最大の激動は、ハンセン病のための独立した病棟が閉鎖になり、まだ活動期にある患者を一般病棟に移したことでした。抗ガン剤やプレドニンなどの免疫抑制剤を使っている重症の皮膚病患者と一緒にハンセン病患者を入院させても危険はないか、どんな感染予防措置が必要かなどが検討されました。
 大学というのは科学的に思考する人の集団ですから、説明は科学的で論理が一貫していないと納得してもらえません。一方で京大を頼ってきているハンセン病の患者さんの医療が低下することは絶対に避けなければなりませんでした。ここでも科学的であることと患者さんに対して人道的であることを両立させることが求められたのです。私が専門医として述べたことは、ハンセン病に特別な対策は必要なく、京大病院が日常受け入れている感染症患者と同じ扱いをしてほしいということでした。この説明で京大病院は納得し、全ての病院施設と機能を全てのハンセン病患者に開放したのです。

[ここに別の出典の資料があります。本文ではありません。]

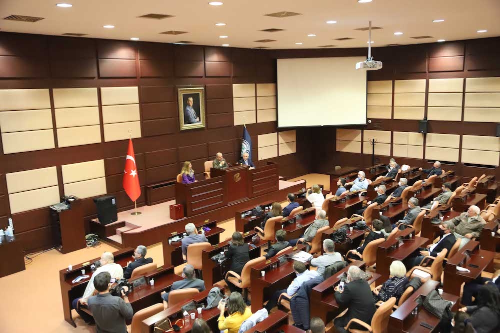 Tepebaşı Belediyesi Meclis Üyesi ve Eskişehir Muhacir Dernekleri Federasyonu Başkanı Seyfettin Çalışkan ise Büyükşehir Belediye Başkanı Yılmaz Büyükerşen’e çalışmaları için teşekkür plaketi takdim etti.

 話をインドネシアにもどしましょう。いま私が働いているアイルランガ大学医学部附属病院であるDr.ストモ記念病院では、皮膚科病棟に他の皮膚疾患の患者とベッドを並べて重症のハンセン病患者が入院しています。このシステムを作り上げたのは先代のイリアス教授で、それを継承発展させたのが私のかけがえのない共同研究者であるインドロポ教授です。こ こでも科学的ハンセン病医学は患者に対する人道主義的配慮と結びついてシステムを支えています。
ハンセン病医学にとって、目の前の患者に対する人道的な配慮と、将来を見据えた科学的視点は車の両輪であり必要不可欠なものではないか、そんなことを考えながら日々の研究生活を楽しんでいます。